MPI tutorial: take 2

note: part 2 of a series on using MPI in python, I suggest reading the previous one before continuing

Refresher

In the previous part of this series, we tried to do some very simple parallel computing (without being “embarrassingly parallel”) using MPI. The task was simple: have several independent processes(procs) guess random integers from 1 to 10, scoring points for integers haven’t been guessed yet. We achieved something kind of close to this, but we weren’t able to de-sync the procs. Basically, even by making some procs slower tha others– each was still getting the same number of guesses over the full computation. An obvious reason for this is that the previous treatment was symmetric with respect to the procs. Each was treated as the same as all the others and, once per loop, we used comm.allreduce to sync up the lists.

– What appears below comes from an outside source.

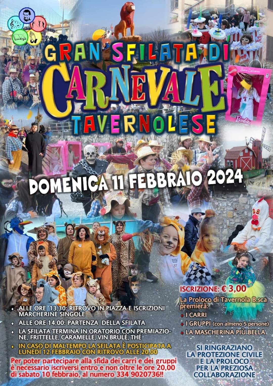 A Tavernola Bergamasca si terrà la Gran Sfilata di Carnevale Tavernolese. Programma della giornata: alle 13.30 ritrovo in piazza e iscrizioni mascherine singole; alle 14 partenza della sfilata. A fine sfilata, presso l'Oratorio, si potranno gustare frittelle, caramelle, vin brulé e tè caldo. La Pro Loco di Tavernola Bergamasca premierà i carri, i gruppi (con almeno 5 persone) e la mascherina più bella.

So, let’s try something different. We will re-write the code so that one proc is special. It will not be guessing, but just serving as a hub for the other processes to send information to. We will assign proc 0 to be this middle man. Here is some updated code, based on where we left off:

import numpy as np
import sys
from time import sleep
from time import time
gem 
from mpi4py import MPI
comm = MPI.COMM_WORLD
size = comm.Get_size()  # number of MPI procs
rank = comm.Get_rank()  # i.d. for local proc

def rel_time(start_time):
    current_time = time()
    return (current_time - start_time)


stime = None
final_list = None
trial_n = 0
new_vals = [0]

# make sure that the clock starts the same for all procs
if rank==0:
    stime=time()
    final_list = [0]
stime = comm.bcast(stime, root=0)

def tprint(string):
    print(f'{rel_time(stime): 3.0f}'+' '+string)
    return

i = 0
j = 0


while len(comm.bcast(final_list,root=0)) < 10:
    i += 1
    sleep(rank+.1)

    # only make a new guess for procs that aren't proc 0
    if rank != 0:
        trial_n = np.random.randint(10)
        tprint(f'rank {rank} guess {i}: {trial_n}; has {j} points \r ')
        sys.stdout.flush()

    # here we check against the list held in proc 0, rather than trying to sync the list between all procs
    if trial_n not in comm.bcast(final_list, root=0):
        j += 1

        #send the guesses to the zero proc only when a new value is found that hasn't been guessed, and only to the zero proc
        comm.send(trial_n, dest=0)

    # now, proc 0 (and only proc 0) will receive any of the new values
    if rank==0:
        new_vals = []
        # we loop over all the procs that are not proc 0, receive any incoming integers and then add them to the new_vals
        for i in range(size-1):

            trial_n = comm.recv(source=i+1)
            tprint(f'rank {rank} recieved {trial_n}')
            sys.stdout.flush()
            new_vals.append(trial_n)

        IFS = final_list
        final_list =list(set((final_list + new_vals)))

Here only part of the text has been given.